I am a historian of religion, race, and slavery in early America and the Atlantic World. In September 2019, I will start as an Assistant Professor of History at Brigham Young University, where I have spent the last two years as a visiting faculty member.
My book manuscript, Methodism, Slavery, and Freedom in the Revolutionary Atlantic World, is the first book-length study of early American Methodism throughout the Atlantic World. It traces the expansive growth of the movement in North America, the Caribbean, and West Africa during the late eighteenth and early nineteenth centuries, but argues that the defining feature of Methodism during this era was division, as racial and political strife ruined church leaders’ efforts to sustain a transatlantic Methodist community. Based on extensive research in more than two-dozen archives throughout the United States, England, Canada, and the Caribbean, the book provides fresh insight into the complicated intersections of religious, racial, and political identities in the Revolutionary Atlantic World.

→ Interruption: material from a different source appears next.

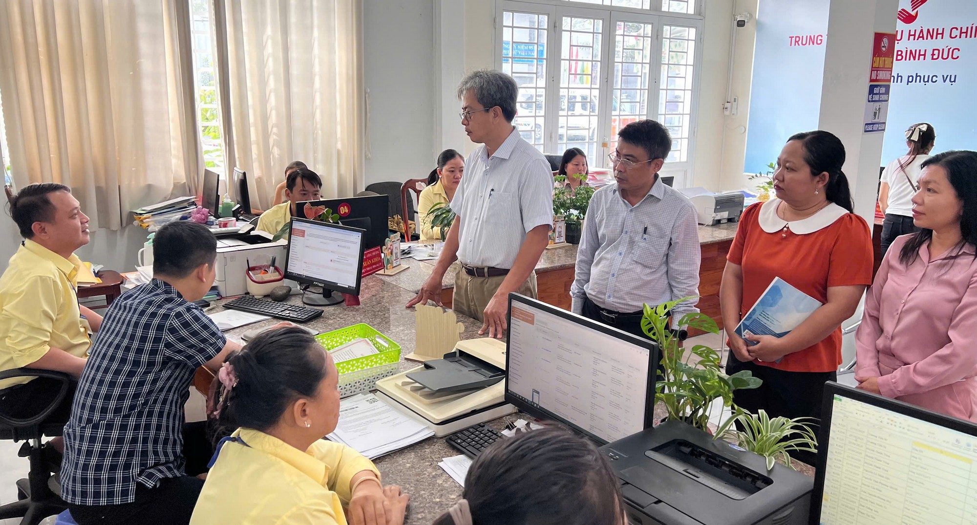 (Cổng TTĐT tỉnh AG)- Ngày 24/10, Đoàn kiểm tra công tác cải cách hành chính năm 2025 của tỉnh An Giang do Phó Giám đốc Sở Khoa học và Công nghệ Nguyễn Thanh Hải làm trưởng đoàn đã có buổi khảo sát và làm việc với UBND các phường: Long Xuyên, Bình Đức, Mỹ Thới và xã Mỹ Hòa Hưng về kết quả thực hiện công tác cải cách hành chính tại các địa phương qua hơn 3 tháng vận hành mô hình chính quyền địa phương 2 cấp.

I have also begun research on a new project — a microhistorical study of religion, family, and slavery in the eighteenth century Atlantic world. Drawing on scattered correspondence, church and court records, and a recently re-discovered manuscript memoir, I retrace the life of Dorcas Lillie, a thrice-widowed, slave-owning Quaker woman on the tiny West Indian island of Saint Croix. Her experiences raise important questions about what it meant to be the lone local member of a transnational religious community and provide a revealing portrait of changing family dynamics, slave labor, and religious community on the margins of the Atlantic world.
Teaching is central to my scholarly identity. I am committed to helping all students both master course material and develop critical thinking skills and the ability to use them outside of the classroom. At BYU, I teach courses in early American history, the history of religion, and the history of slavery and the slave trade. Beginning this fall, I will also take an active role in BYU’s Family History program, teaching courses on Family History research methods, the family and the law in American history, and early American family history sources.
I also maintain an active online presence (@ccjones13). I am a founding member of The Junto: A Group Blog on Early American History and have contributed to multiple digital history projects, including The American Yawp: A Free and Online, Collaboratively Built American Textbook, The American Converts Database, and the Transcribing Early American Manuscript Sermons project, where I am a founding editor.